As the GSOP represents the difference between the two different oxidation states of the same molecule, some contributions will cancel out. Here we elaborate on the effective contributions to the GSOP originating from solvation, geometry relaxation due to oxidation and due to solvation and thermal contribution. The energy contribution due to geometry relaxation related to the solvation in the TC method is added separately from electronic solvation effects, as shown in eqn (3).

We found that this energy difference for both, neutral or oxidized molecules is negligible, being on average 0.02 eV and independent from type or number of ligands (ESI, S5). Therefore, for this type of molecules solvated in dichloromethane the energy contribution coming from the change in geometry due to the solvation is negligible. In the TC method, this means that evaluation of these contributions can be omitted to reduce the total computational cost of the ΔGTCCOSMO strategy.

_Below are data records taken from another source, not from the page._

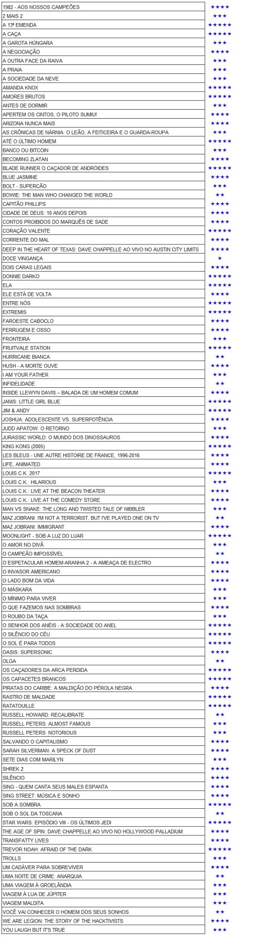E agora, a lista dos 104 filmes assistidos em 2017 com a cotação no tradicional formado das estrelinhas.
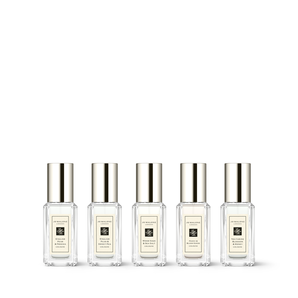 The gift of fragrance exploration. This festive gift box contains five timeless Jo Malone London colognes in 9ml bottles, including Peony & Blush Suede, luscious English Pear & Freesia and fresh Wood Sage & Sea Salt. Each one can be worn individually or layered together for a festive match.
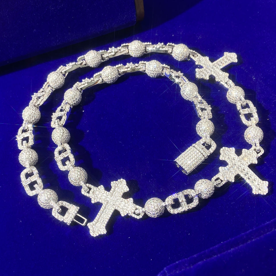 สร้อยคอฮิปฮอปเพชร VVS ดีไซน์สวยหรู เงินแท้ S925 แบบสั่งทำพิเศษ ลายกากบาท แบบ Cuban Link ชุบทอง สำหรับผู้ชาย เหมาะสำหรับงานแต่งงาน
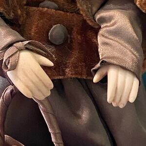 Vtg Porcelain Doll Brown Eyes Lashes Brunette Wavy Hair Shoes Umbrella Stand
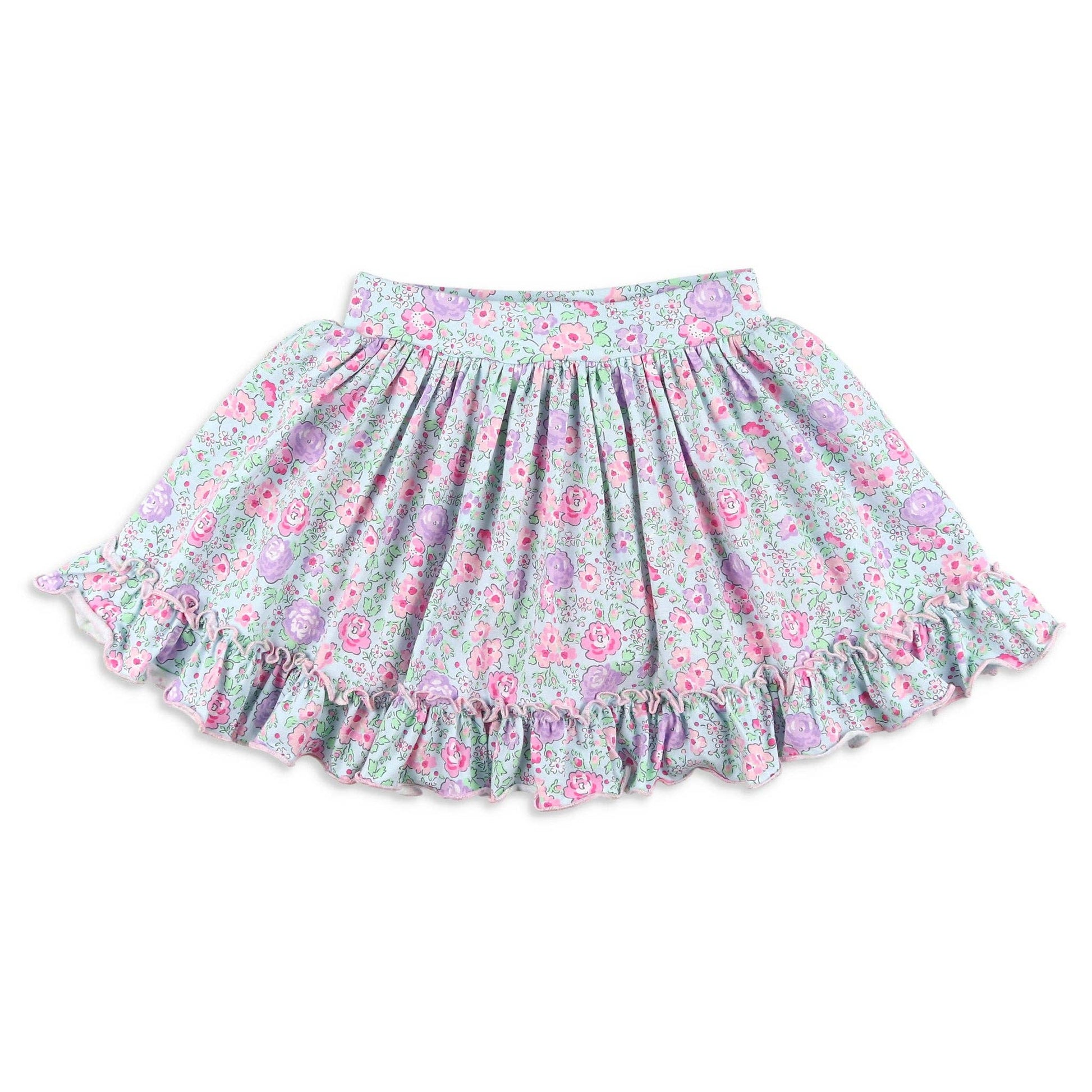 This whimsical and vintage, sweet Girls Flowy Skort-Posy Petals from Serendipity should become a delightful favorite! This playful skort features soft, cotton knit fabric in a pink, green, purple, and white floral print on pale green knit fabric, with pink serge trim along the bottom skirt ruffle, elastic at the waist, a sweet flowy skirt, and under skort pink pants for that added comfort, all creating a sporty picture!
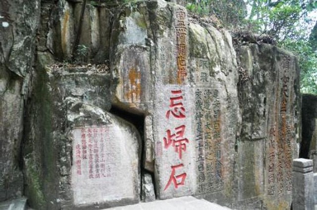 这些石刻里面,最突出的是那三个带红漆的大字,忘归石。忘归,人来在此山后,置身于山中景色,忘却了归去。这里果然是个好地方!
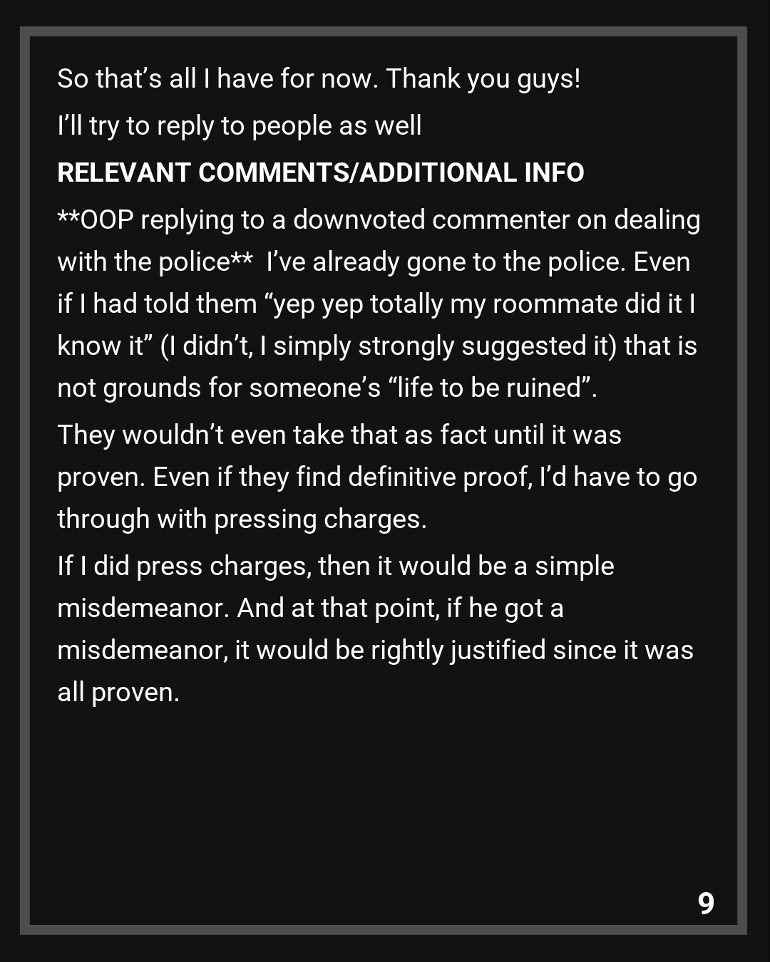 I’ve already gone to the police. Even if I had told them “yep yep totally my roommate did it I know it” (I didn’t, I simply strongly suggested it) that is not grounds for someone’s “life to be ruined”. They wouldn’t even take that as fact until it was proven. Even if they find definitive proof, I’d have to go through with pressing charges. If I did press charges, then it would be a simple misdemeanor. And at that point, if he got a misdemeanor, it would be rightly justified since it was all proven. And that’s if I would even bother with charges in the first place. All of this minor things compared to if he was an insane loose cannon that could kill/hurt me if I just didn’t mention his name.
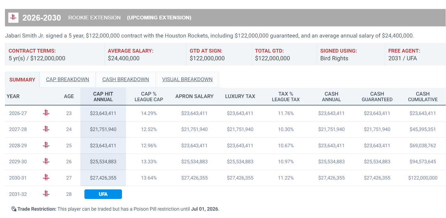 值得一提的是,小贾巴里在今年夏天与火箭队签下了一份五年1.22亿美元的提前续约合同。考虑到他新秀赛季还剩最后一年,这份合同的均薪仅为2440万美元。如今看来,火箭队总经理斯通无疑又完成了一笔超值的签约。正如申京的五年1.85亿美元合同一样,小贾巴里的这份合同也有望成为火箭队未来的宝贵财富。
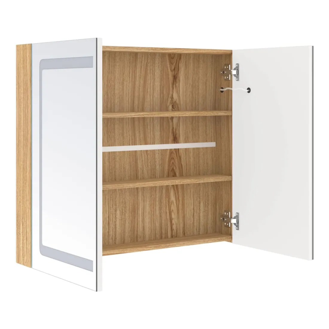 Introduisez une esthétique agréable dans votre salle de bain avec cette armoire à miroir à LED ! Cette armoire à miroir murale à LED ajoute une touche de style contemporain et une lumière douce et éclairante à toute pièce ! Cette armoire murale est fabriquée en panneaux MDF avec une finition mélaminée, garantissant une utilisation à long terme. Grâce aux deux bandes lumineuses à LED écoénergétiques, vous pouvez vous voir sous la lumière la plus pure pour le maquillage, les soins de la peau et les soins de la peau. Elle illumine votre pièce, votre visage et votre sourire. À l’intérieur, vous trouverez 3 étagères offrant un espace de rangement suffisant pour tous vos articles de toilette et accessoires de beauté. Vous pouvez facilement allumer/éteindre la lumière avec le bouton au fond. Élégant et fonctionnel, ce meuble saura sûrement rendre le design de votre pièce à l’origine exceptionnel ! Remarque :Ce produit est doté d'un connecteur USB, mais la source d'alimentation certifiée de USB 5V n'est pas incluse.
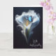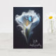 Delicate white lines of a calla lily blossom swirl gracefully around a central orange stamen with a Blue Common Morpho butterfly for sympathy.
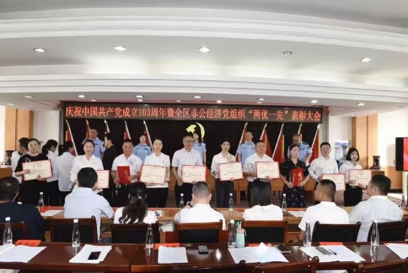 2024 年7月9日上午,“中共蘭州市城關(guān)區(qū)非公有制經(jīng)濟組織委員會紀念建黨 103 周年暨兩優(yōu)一先表彰大會”在城關(guān)區(qū)市場監(jiān)督管理局十樓隆重召開。
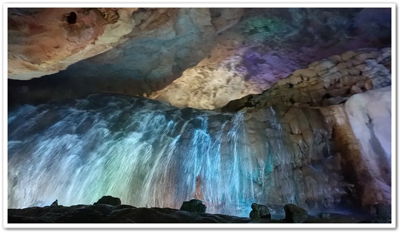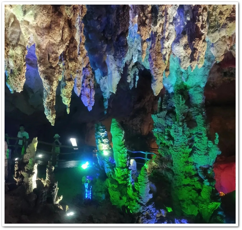 地下奇河幻彩流,钟乳石笋韵千秋。
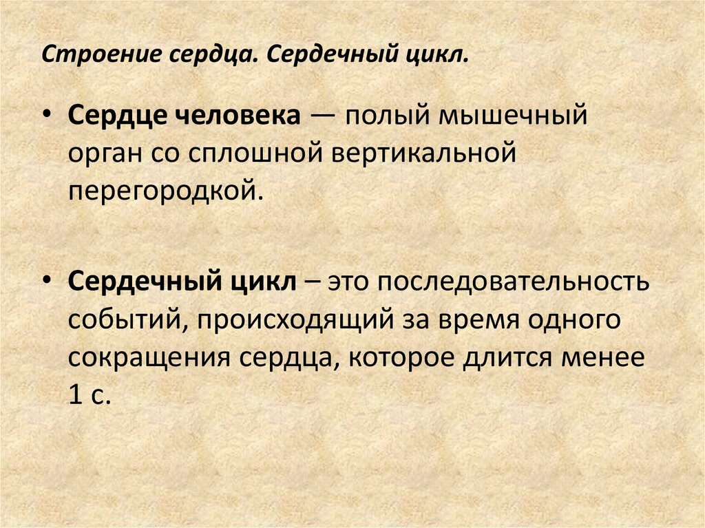 Строение сердца. Сердечный цикл.• Сердце человека — полый мышечный
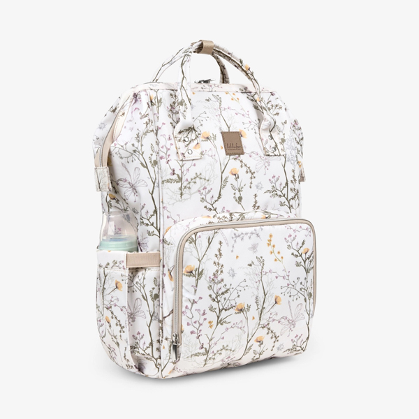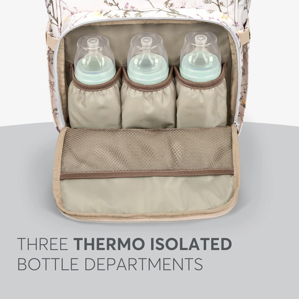 - Sadrži široki glavni džep sa metalnim okvirom za lak pristup, organizovane pregrade za pelene i pribor i vodootporni džep za mokre predmete
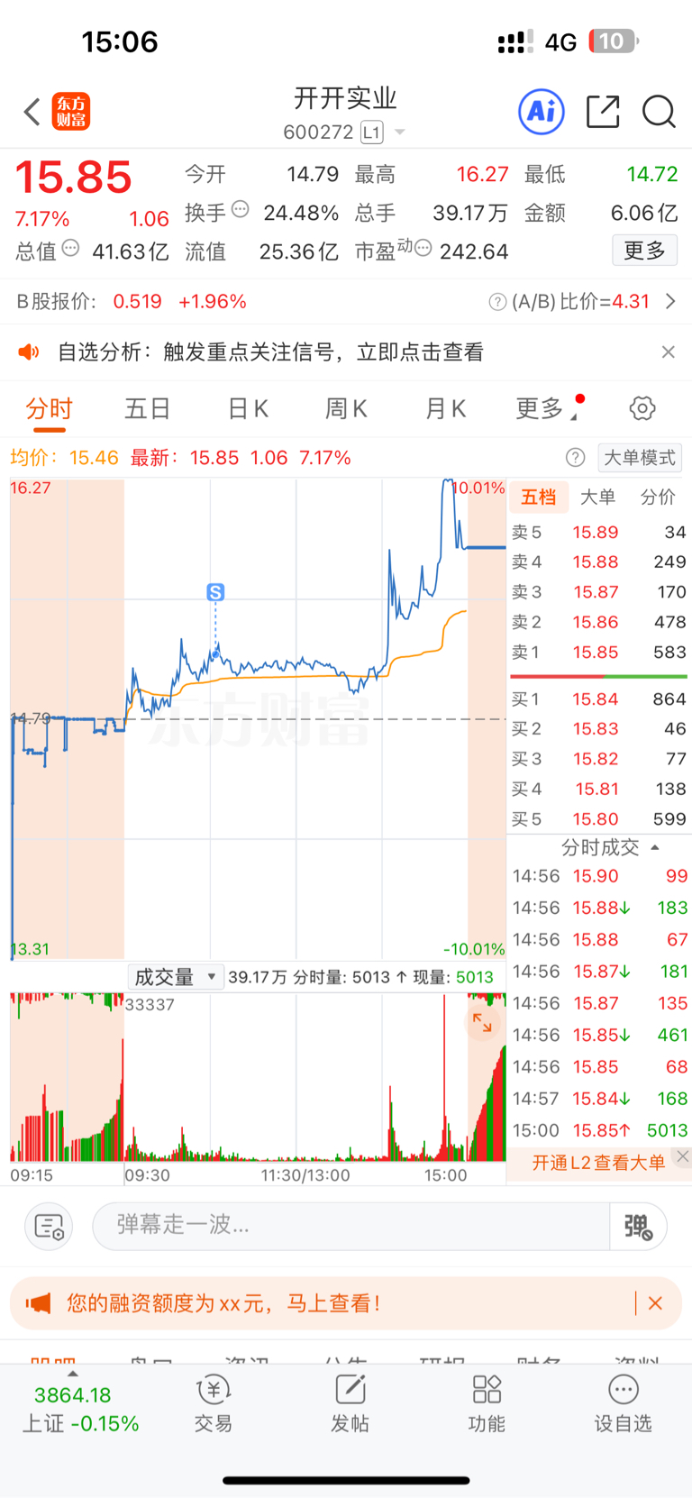 卖飞开开没招了,尾盘抄底平潭

On the other hand, the electronic solvent contributions are crucial to the GSOP evaluation. The effective contribution to the GSOP is the difference between the solvation effects on neutral and oxidized molecules, eqn (11). For the TC method these values are calculated in the gas-phase. In the DC method this solvent contribution is contained in the Eisol(gisol) energy term in eqn (1). On average the value of ΔΔGsolv is −1.61 eV, with a maximum value of −2.00 eV for NDI-58. This contribution does not depend largely on the method, TC or DC (ESI, S5)

 
ΔΔGsolv = ΔGsolv+ − ΔG0solv(11)

We also evaluated the effective contribution of the thermal effects on the GSOP. Depending on the method, the thermal contribution is evaluated in solution or gas-phase for the DC or TC method respectively, for the temperature T = 298.15 K.

 
ΔGDC(TC)therm(T) = Gtherm+(gsol/gas+,T) − G0therm(g0sol/gas,T)(12)
The effective ΔGDC(TC)therm(T) contribution for DC and TC, has an average of 0.04 eV and 0.03 eV respectively (for the absolute value difference). So, frequencies calculated in the same environment are very close in value for neutral and oxidized dyes and their contribution cancel out. Considering the cost of frequency calculations listed in Table 1, for GO(n,s) + f and just GO(n,s), the frequencies are 97% of GO(n,s) + f time. We therefore conclude that by neglecting this small thermal contribution, workflows for this type of dyes can be sped up significantly.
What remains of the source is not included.